# Brenner heiß gelaufen und abgestürzt, jetzt defekt?



## saibot (11. August 2004)

Ich hab grad einige Dinge von meiner Platte auf CD´s sichern wollen. Ging bis zur 4. CD auch gut.  Doch dann hat sich mein Brenner (TEAC CD-W524E) unter Verwendung von Nero 5.5.9.9 bei 73% aufgehangen. Ich war nicht im Raum und das Ding muss schon ca. 5 min. auf 73% rumgerödelt haben. Daraufhin wollte ich den Brennvorgang stoppen - keine Reaktion. Dann habe ich alles beendet per Task Manager  - keine Reaktion, dann Windows heruntergefahren - keine Reaktion, Windows fuhr nicht herunter, der Brenner rödelte immer noch. 
Letztendlich hab ich einfach den Strom gekappt um das Ding zum Stehen zu bekommen. 

Hinterher war er einigermaßen heiß, die CD ebenfalls. Ich habe 15 min. gewartet und wollte weiter brennen. Doch es geht nicht. Ich kann das Laufwerk zwar mit CD´s füttern, aber  es liest sie nicht mehr. 

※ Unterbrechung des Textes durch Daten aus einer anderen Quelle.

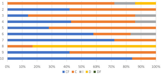 ![]() Figura 5. Questionário de percepção sobre as atividades pautadas no uso da HQ, no qual CF = Concordo Fortemente, C = Concordo, I = Indeciso, D = Discordo e DF = Discordo Fortemente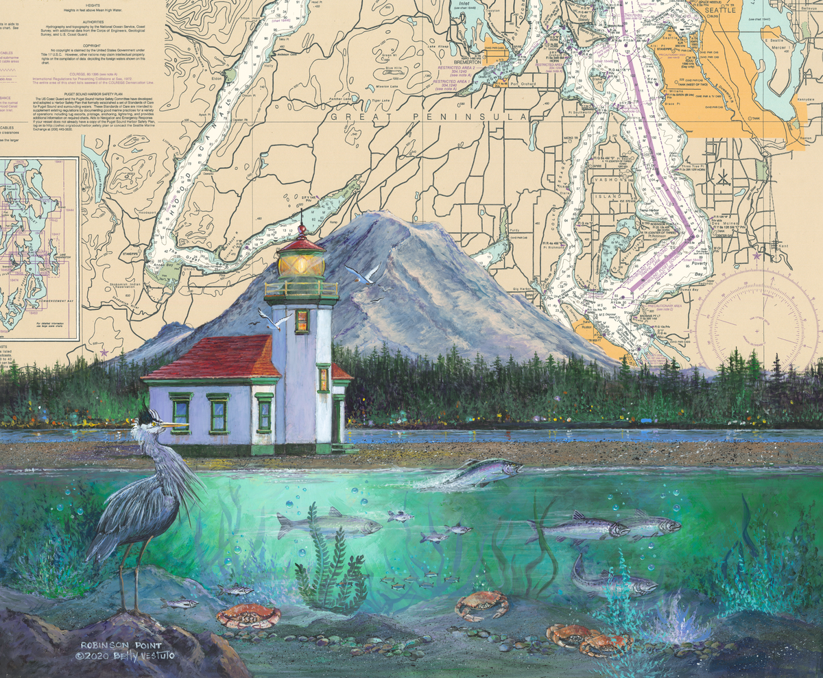 Original painted in 2020, this captivating artwork celebrates the natural splendor of the Pacific Northwest. At its heart stands the Robinson Point Lighthouse, surrounded by a lush evergreen forest and framed by the majestic Mount Rainier. Beneath the surface, a vibrant underwater seascape teems with marine life, adding depth and movement to the scene. The entire composition is set against a nautical chart of Puget Sound, featuring Vashon Island and its connecting neighbor Maury Island, where the lighthouse is located on its eastern side.

Frage: Ist der Brenner jetzt kaputt und wenn ja WAS ist durchgeschmort/Defekt, lohnt sich ne Reparatur oder eher ein neuer Brenner, oder ist er vielleicht gar nicht kaputt?


----------



## Erpel (11. August 2004)

Die Beschreibung klingt für mich schon ziemlich nach Kaputt :-(
Das mit der Reparatur ist die Frage, wie alt ist der Brenner? Ist noch Garantie drauf? Wenn ja ab damit zum Händler. Ansonsten glaub ich ehr nicht das sich das lohnt, vorallem da cd Brenner heute doch recht günstig sind.(ab 30€)


----------



## saibot (11. August 2004)

jo, danke. 
Denke auch, dass der hin ist. 
Hab mich auch schon nach nem schmucken DVD-Brenner umgesehen, die bekommt man ja auch schon für 80 EUR. ....doof ist nur, dass ich dafür im Moment eigentlich überhaupt kein Geld habe und eigentlich genau jetzt was zum brennen bräuchte... 
Mist, na ja, thats life oder so...


----------